Task instructions - What you return should be every line below, word for word, and none of the images.

Available records -
================================

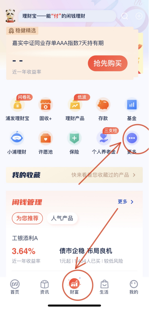 登錄浦發(fā)銀行APP,點(diǎn)擊財(cái)富-更多
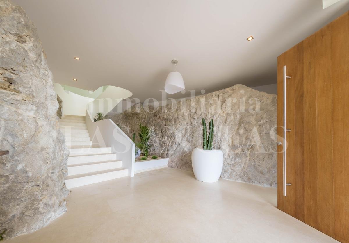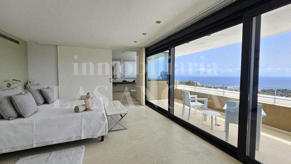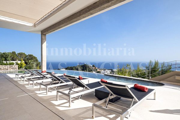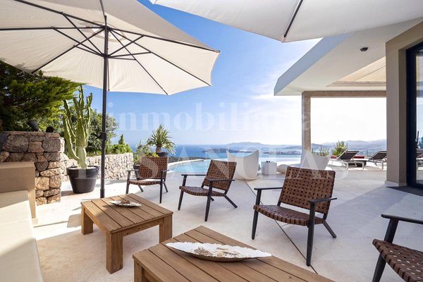 In einer der exklusivsten Gegenden der Insel, in der Nähe des Strandes Talamanca und des Yachthafens Marina Botafoch, befindet sich diese luxuriöse Designervilla mit einer touristischen Vermietungslizenz und einem spektakulären 180º-Panoramablick auf das Meer, den Hafen, die Altstadt von Ibiza und Formentera, die ihresgleichen sucht.
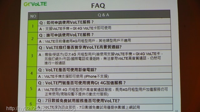 Jimmy最後藉由這張常見問題Q&A的投影片,說明申請自家Gt VoLTE服務時要注意的部分,以及目前在使用時的限制。主要來說,目前享受Gt VoLTE高品質語音或影像通話服務,雙方一定都要是亞太電信4G月租型用戶,Sim卡與手機(iPhone不支援影像通話)都支援Gt VoLTE服務,並且都在自家4G LTE網路涵蓋區域內才行。
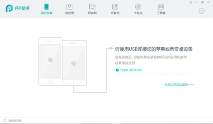 Step 7: The Pangu tool interface opens and searches for a connected device. After it detects your iPhone click the green button to deploy the Pangu app on your iOS device.
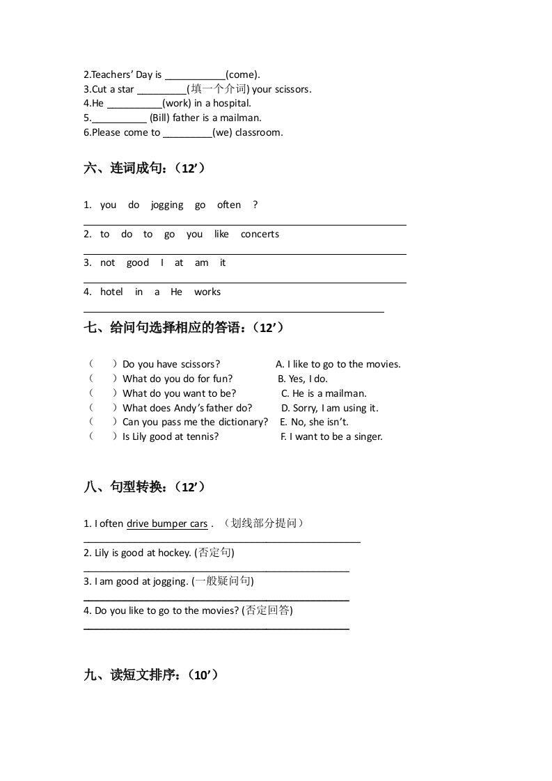 当前位置: 首页小学资源小学四年级正文 四年级英语上册期末测试卷(1)(人教版一起点)_共3页 小学四年级 7 天前 0 0 5 以上为部分内容预览,如需源文档请登录您的会员账号进行下载! 声明:本站所有文章,如无特殊说明或标注,均为本站原创发布。任何个人或组织,在未征得本站同意时,禁止复制、盗用、采集、发布本站内容到任何网站、书籍等各类媒体平台。如若本站内容侵犯了原著者的合法权益,可联系我们进行处理。 尚学资源永久会员 打赏 收藏 海报 链接
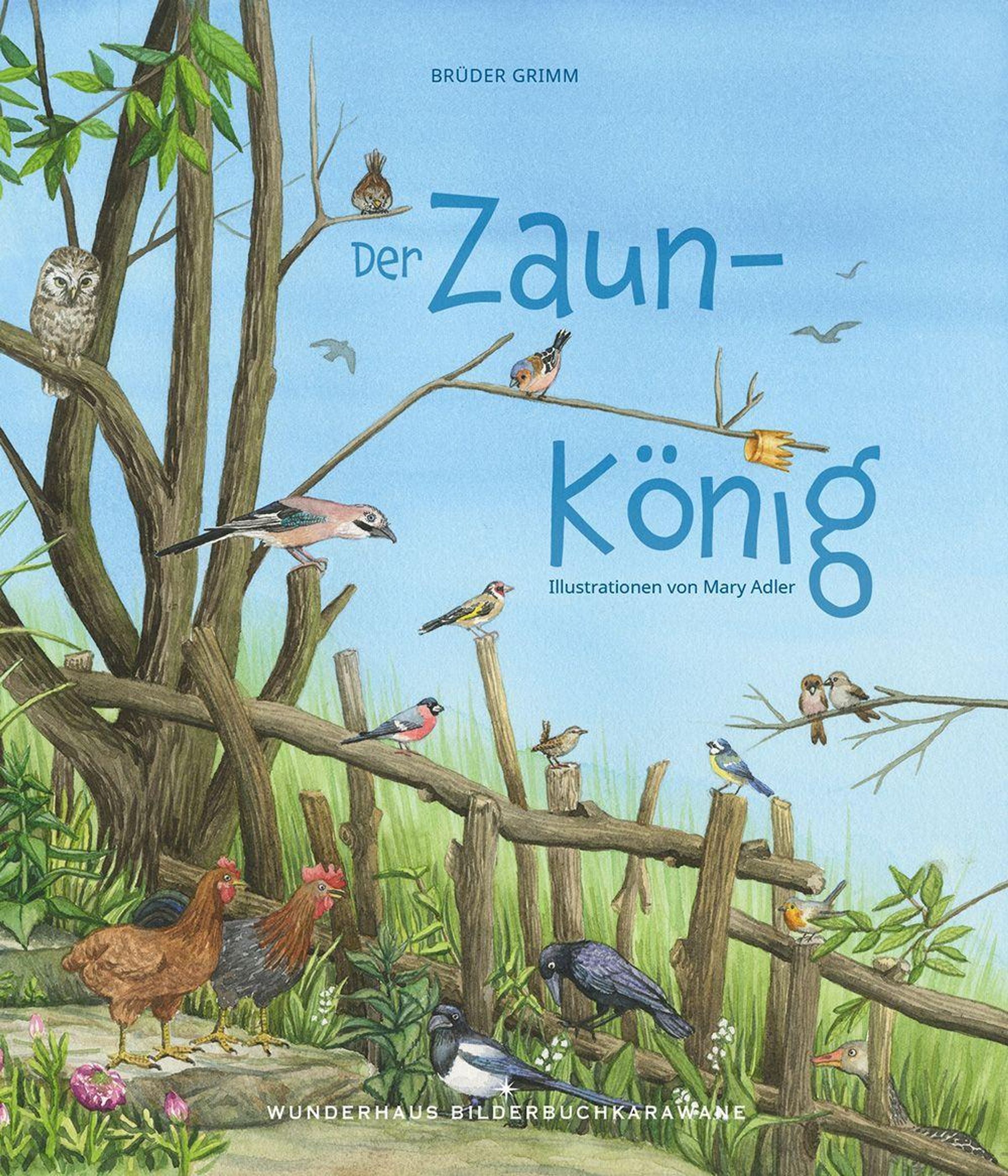„Brüder Grimm: Der Zaunkönig“, Illustration von Mary Adler. Mehrere Vögel und Hühner auf einem Holzzaun und Wiese., Buch
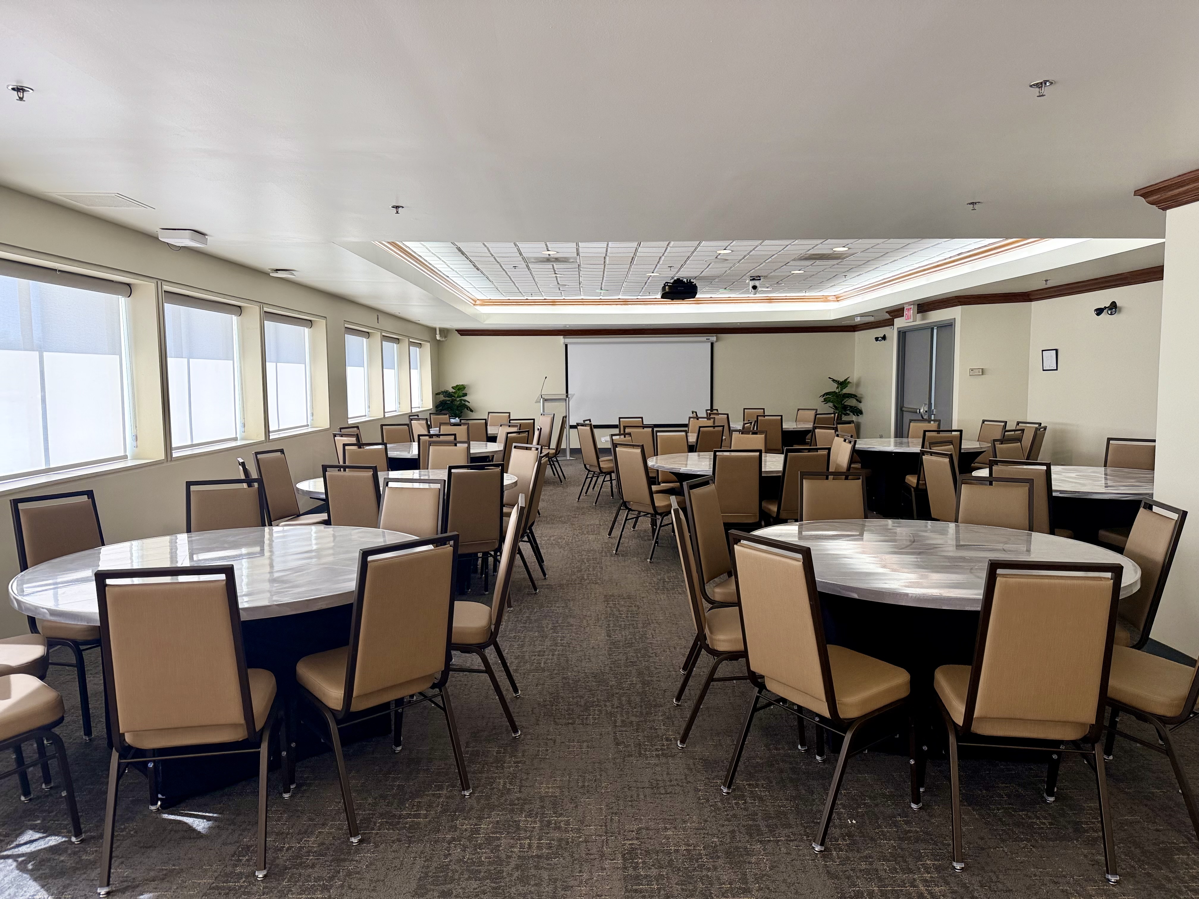 The Destiny Ballroom (Room 104) offers flexible space for up to 300 guests, depending on the room configuration. The ballroom can be arranged with round tables for dining or theater-style seating for presentations and performances. A built-in stage is included, and a dance floor can be added to create the perfect setting for special events.
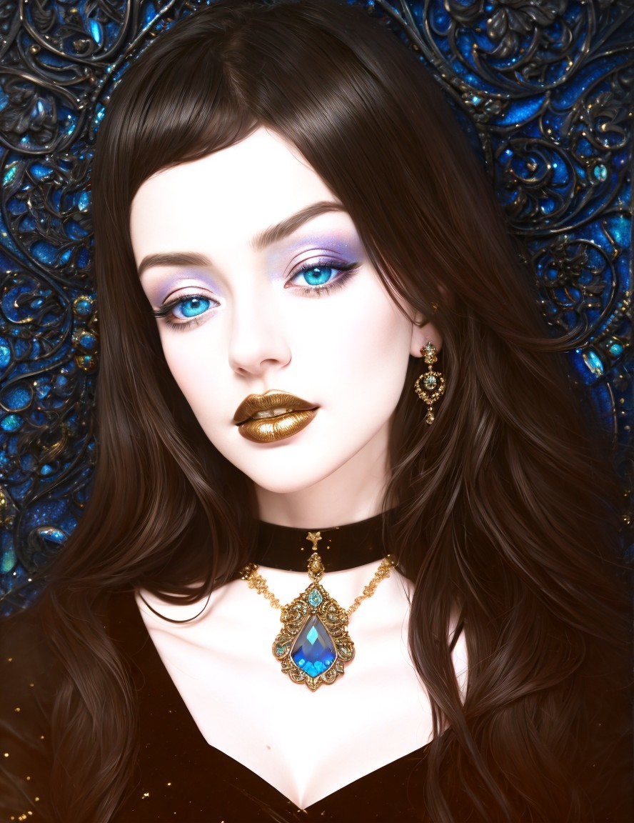 8K 3D Ultra-realistic portraiture with intricate ornamental details, Alcohol ink with gold border, tin foil, beautiful attractive female portrait, iridescent colors, pastel royal blue and  light blue shades, highly detailed, 3D, relief, hdr, 16k black background, detailed hair in stacked lines style, dynamic lighting 1.7, 3d effects 1.8, chiaroscuro lighting, ethereal otherworldly scenery, occult scene, anisotropic filtering 1.7, shadow mapping 1.7, colorful scales, light particles, mist, hues, highly chipped background, embossed flares, bright streaks of black hair
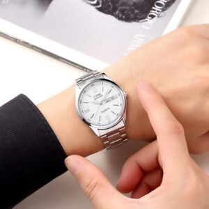 O prático mostrador exibe o dia da semana e a data, unindo conveniência e um visual refinado.
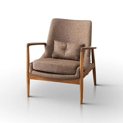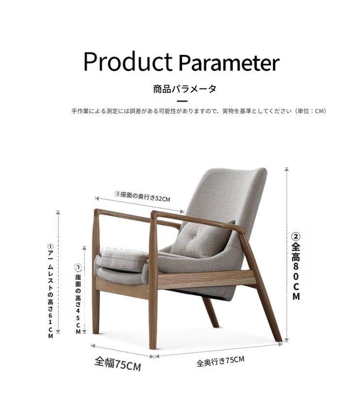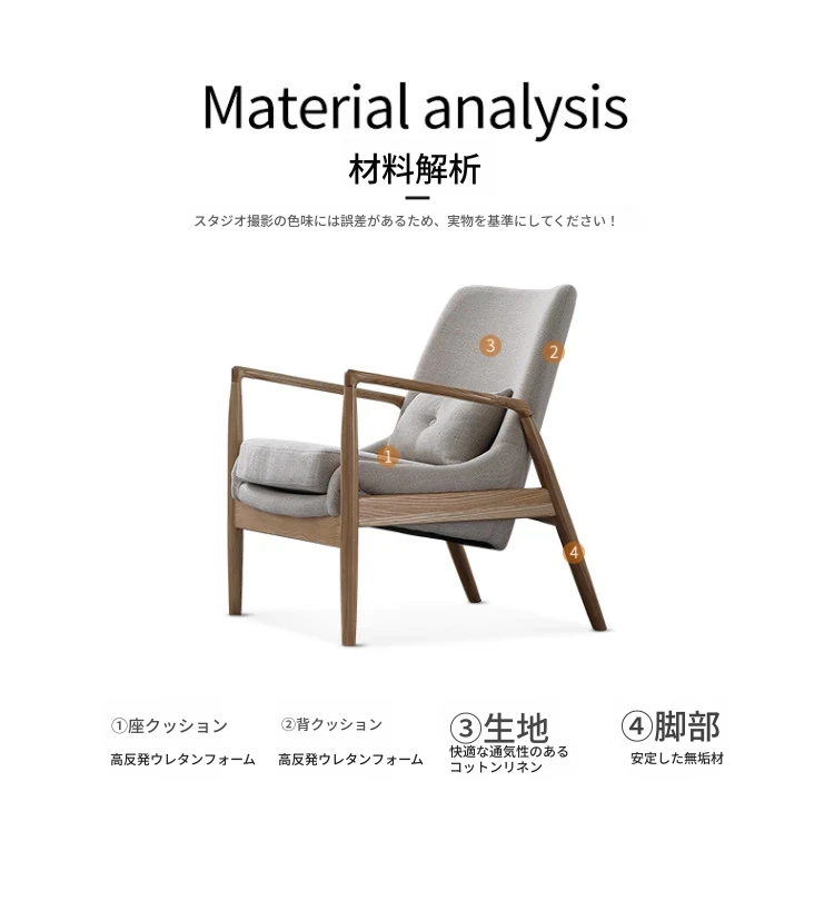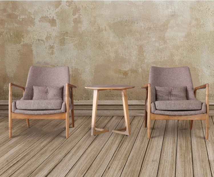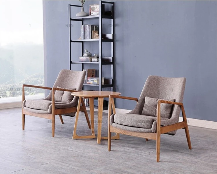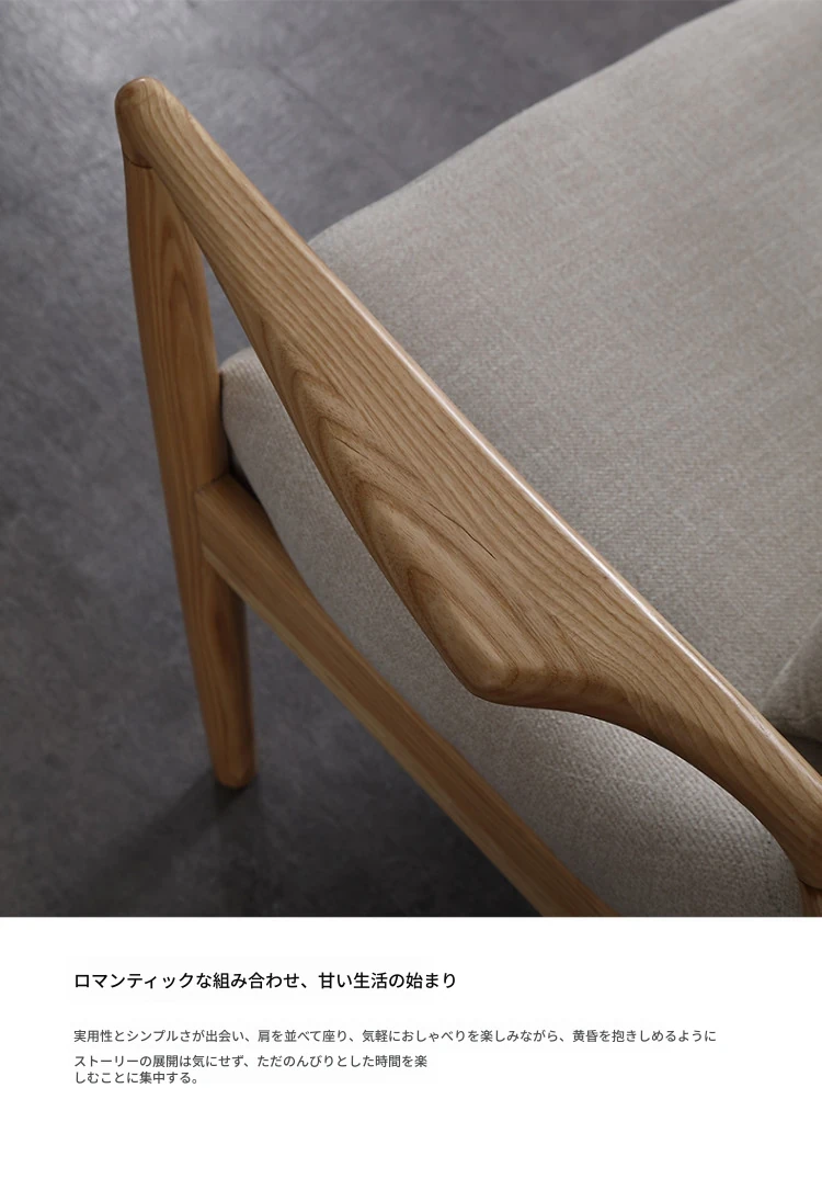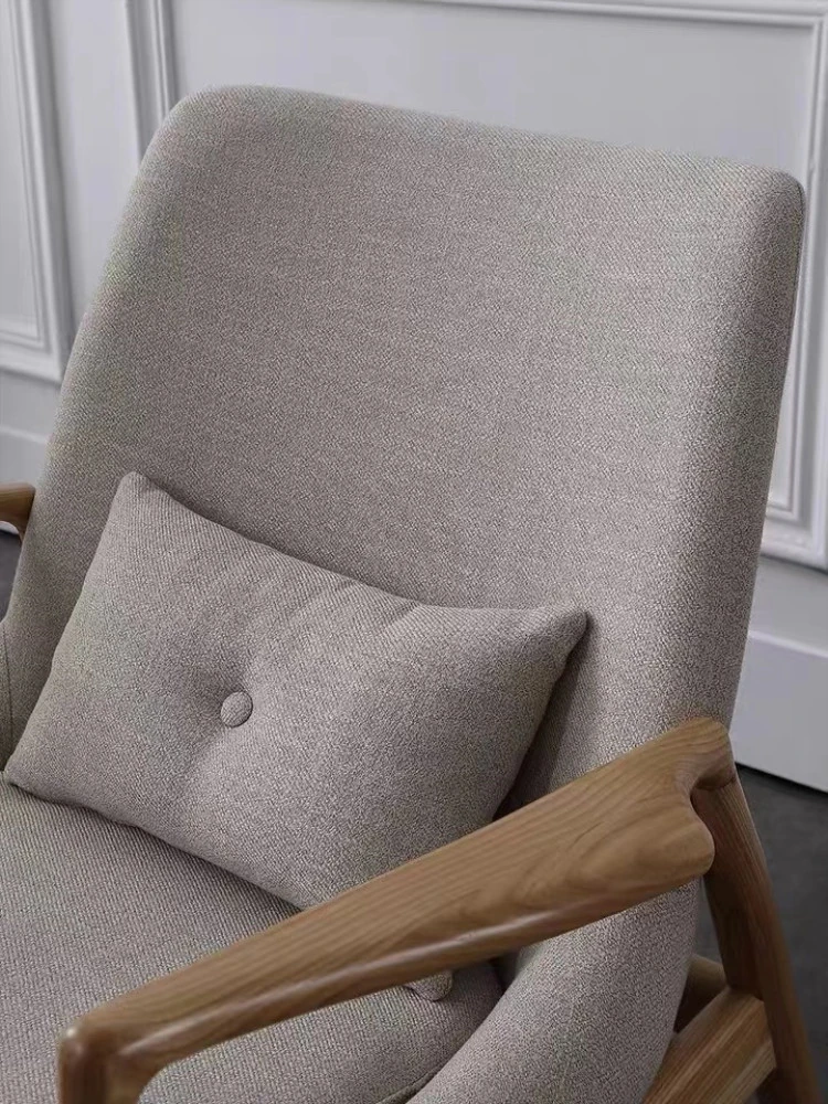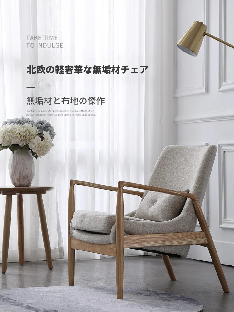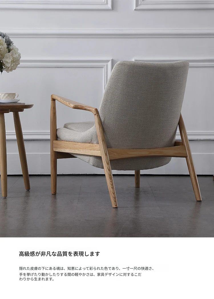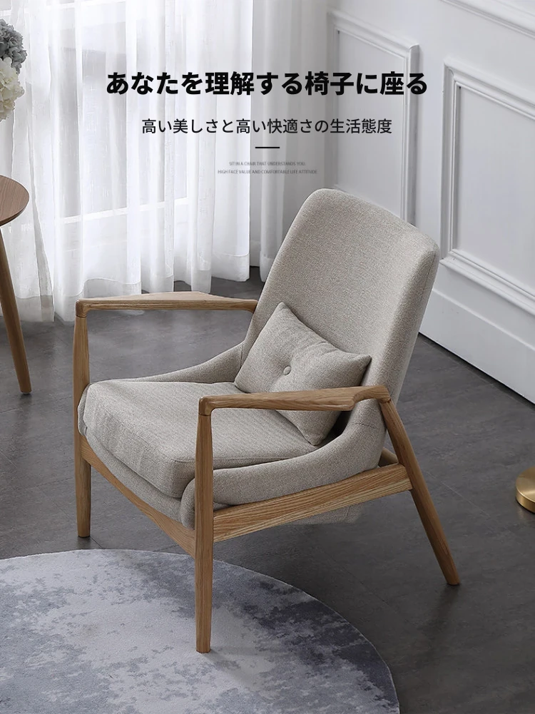 北欧スタイルのホワイトアッシュ無垢材シングルソファチェア - シンプルでおしゃれなデザイン、ホテルやカフェ、書斎、リビング、ティールームに最適なファブリックリラックスチェア!心地よいひとときを提供します。
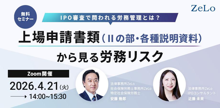 セミナー「IPO審査で問われる労務管理とは?上場申請書類(Ⅱの部・各種説明資料)から見る労務リスク」について
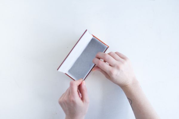 Em seguida, cole o pedaço de feltro juntando a caixa com a tampa.

================================

Exercise solution -
 登錄浦發(fā)銀行APP,點(diǎn)擊財(cái)富-更多
 In einer der exklusivsten Gegenden der Insel, in der Nähe des Strandes Talamanca und des Yachthafens Marina Botafoch, befindet sich diese luxuriöse Designervilla mit einer touristischen Vermietungslizenz und einem spektakulären 180º-Panoramablick auf das Meer, den Hafen, die Altstadt von Ibiza und Formentera, die ihresgleichen sucht.
 Jimmy最後藉由這張常見問題Q&A的投影片,說明申請自家Gt VoLTE服務時要注意的部分,以及目前在使用時的限制。主要來說,目前享受Gt VoLTE高品質語音或影像通話服務,雙方一定都要是亞太電信4G月租型用戶,Sim卡與手機(iPhone不支援影像通話)都支援Gt VoLTE服務,並且都在自家4G LTE網路涵蓋區域內才行。
 Step 7: The Pangu tool interface opens and searches for a connected device. After it detects your iPhone click the green button to deploy the Pangu app on your iOS device.
 当前位置: 首页小学资源小学四年级正文 四年级英语上册期末测试卷(1)(人教版一起点)_共3页 小学四年级 7 天前 0 0 5 以上为部分内容预览,如需源文档请登录您的会员账号进行下载! 声明:本站所有文章,如无特殊说明或标注,均为本站原创发布。任何个人或组织,在未征得本站同意时,禁止复制、盗用、采集、发布本站内容到任何网站、书籍等各类媒体平台。如若本站内容侵犯了原著者的合法权益,可联系我们进行处理。 尚学资源永久会员 打赏 收藏 海报 链接
„Brüder Grimm: Der Zaunkönig“, Illustration von Mary Adler. Mehrere Vögel und Hühner auf einem Holzzaun und Wiese., Buch
 The Destiny Ballroom (Room 104) offers flexible space for up to 300 guests, depending on the room configuration. The ballroom can be arranged with round tables for dining or theater-style seating for presentations and performances. A built-in stage is included, and a dance floor can be added to create the perfect setting for special events.
 8K 3D Ultra-realistic portraiture with intricate ornamental details, Alcohol ink with gold border, tin foil, beautiful attractive female portrait, iridescent colors, pastel royal blue and  light blue shades, highly detailed, 3D, relief, hdr, 16k black background, detailed hair in stacked lines style, dynamic lighting 1.7, 3d effects 1.8, chiaroscuro lighting, ethereal otherworldly scenery, occult scene, anisotropic filtering 1.7, shadow mapping 1.7, colorful scales, light particles, mist, hues, highly chipped background, embossed flares, bright streaks of black hair
 O prático mostrador exibe o dia da semana e a data, unindo conveniência e um visual refinado.
 北欧スタイルのホワイトアッシュ無垢材シングルソファチェア - シンプルでおしゃれなデザイン、ホテルやカフェ、書斎、リビング、ティールームに最適なファブリックリラックスチェア!心地よいひとときを提供します。
 セミナー「IPO審査で問われる労務管理とは?上場申請書類(Ⅱの部・各種説明資料)から見る労務リスク」について
 Em seguida, cole o pedaço de feltro juntando a caixa com a tampa.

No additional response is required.